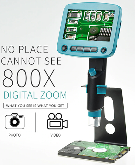 This is a digital microscope that can be continuously magnified 800 times. It has a 4.3-inch display and the object that being observed appears directly on the screen. At the same time, the elevation angle of the display can be adjusted freely within a certain range, which is convenient for the user to observe in multiple directions.
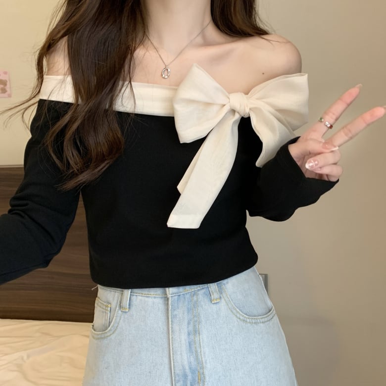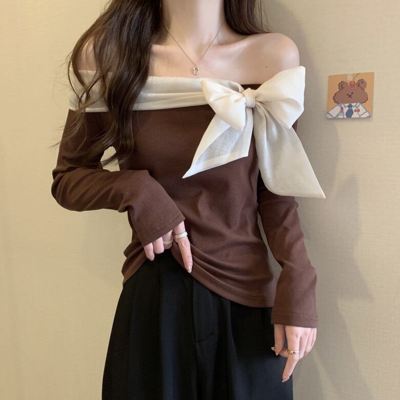 【送料無料】 レディース トップス カットソー ワンショルダー オフショルダー リボン セクシー カジュアル シンプル 華奢見せ セレブ こなれ感 大人かわいい 長袖 ブラウン ブラック 茶色 黒 20代 30代 40代 通勤 通学 オフィス お出掛け 女子会 お呼ばれ 春夏
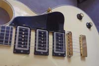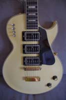 "Cette guitare avait été faite sur commande en blanc car c’était la couleur et tenue de scène du groupe ..." La guitare a été refrettée par Fréderic Mai

### Exercise details
Pictures are to be left out. Otherwise, copy the material above exactly.

### Solution below
 This is a digital microscope that can be continuously magnified 800 times. It has a 4.3-inch display and the object that being observed appears directly on the screen. At the same time, the elevation angle of the display can be adjusted freely within a certain range, which is convenient for the user to observe in multiple directions.
 【送料無料】 レディース トップス カットソー ワンショルダー オフショルダー リボン セクシー カジュアル シンプル 華奢見せ セレブ こなれ感 大人かわいい 長袖 ブラウン ブラック 茶色 黒 20代 30代 40代 通勤 通学 オフィス お出掛け 女子会 お呼ばれ 春夏
 "Cette guitare avait été faite sur commande en blanc car c’était la couleur et tenue de scène du groupe ..." La guitare a été refrettée par Fréderic Mai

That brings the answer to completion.